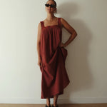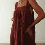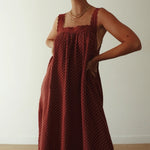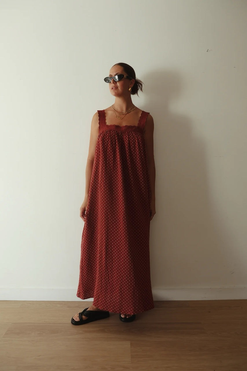 A vintage inspired, Relaxed slip with a floaty silhouette and elegant square neckline, Finished with delicate lace trim detail. Designed with practical side pockets and an ankle to mid length for versatile wear. Cut from a black polka dot cotton gauze. Thoughtfully made to be pregnancy and breast feeding friendly.
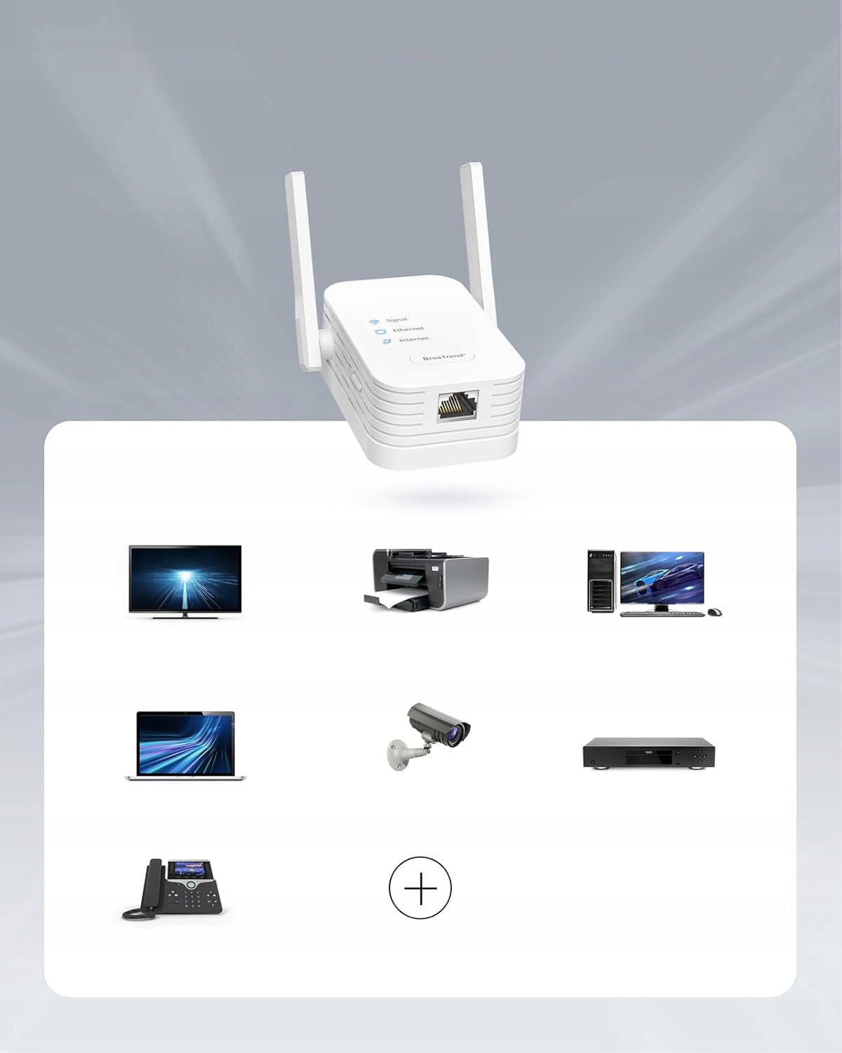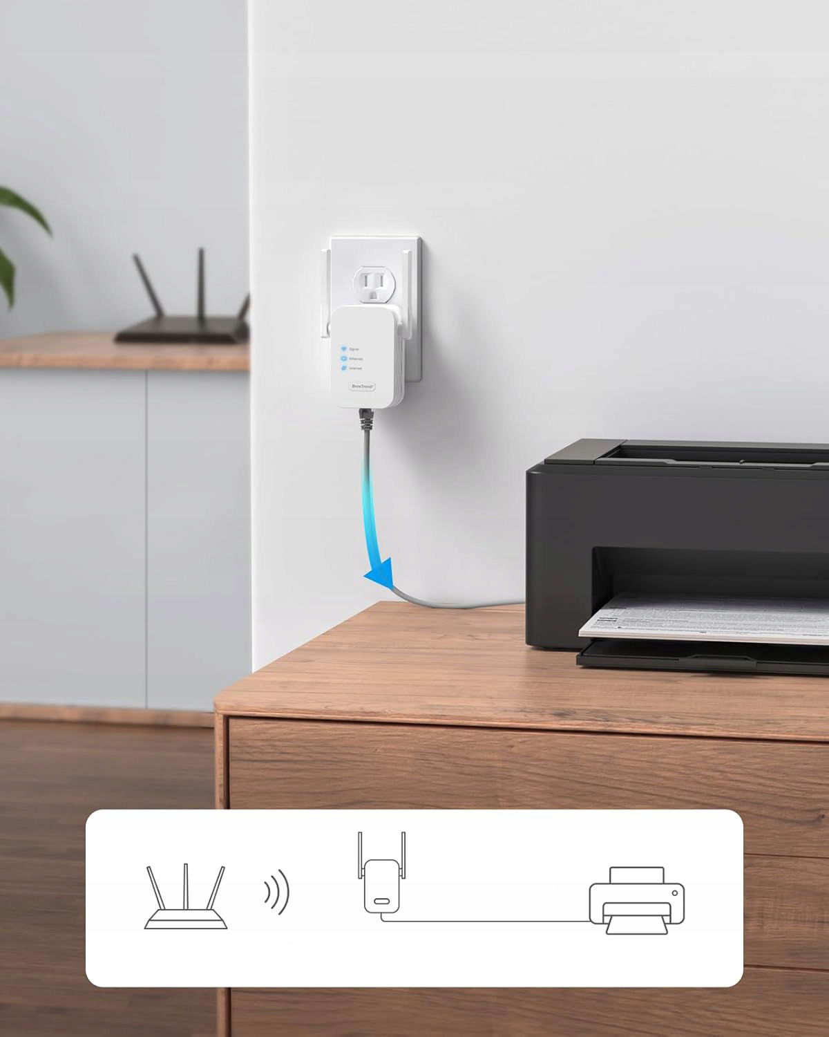 Adapter WiFi do Ethernetu marki BrosTrend umożliwia podłączenie urządzeń pozbawionych modułu WiFi do sieci bezprzewodowej. Dzięki temu telewizory, drukarki, komputery i inne urządzenia LAN-only mogą korzystać ze stabilnego połączenia internetowego bez konieczności prowadzenia kabli w całym domu lub biurze.
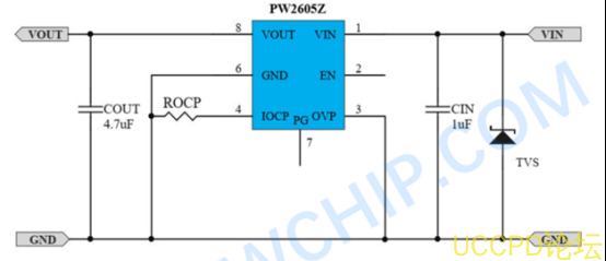 PW2605Z 通过持续监测VIN引脚电压、流经内部MOSFET的电流以及芯片结温来动态管理电源路径。
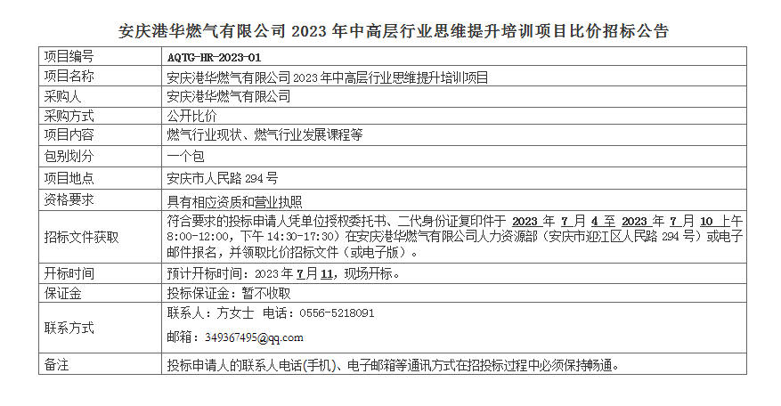 安慶港華燃氣有限公司2023年中高層行業思維提升培訓項目比價招標公告
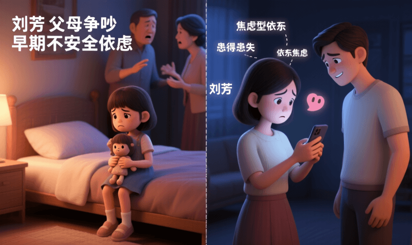刘婷小时母亲时常忽略她,导致她极度渴望关注。成年后的恋爱关系中,经常要男友确认爱意,容易制造冲突,几段感情均因此结束。遇到安全型伴侣后并通过心理咨询,她开始懂得以平静的方式表达需求,不再过度依赖确认。

+--

I need the lines from the line holding "PW2605Z 通过持续监测" through the end of the material, inclusive, restated word for word and without pictures.

 PW2605Z 通过持续监测VIN引脚电压、流经内部MOSFET的电流以及芯片结温来动态管理电源路径。
 安慶港華燃氣有限公司2023年中高層行業思維提升培訓項目比價招標公告
刘婷小时母亲时常忽略她,导致她极度渴望关注。成年后的恋爱关系中,经常要男友确认爱意,容易制造冲突,几段感情均因此结束。遇到安全型伴侣后并通过心理咨询,她开始懂得以平静的方式表达需求,不再过度依赖确认。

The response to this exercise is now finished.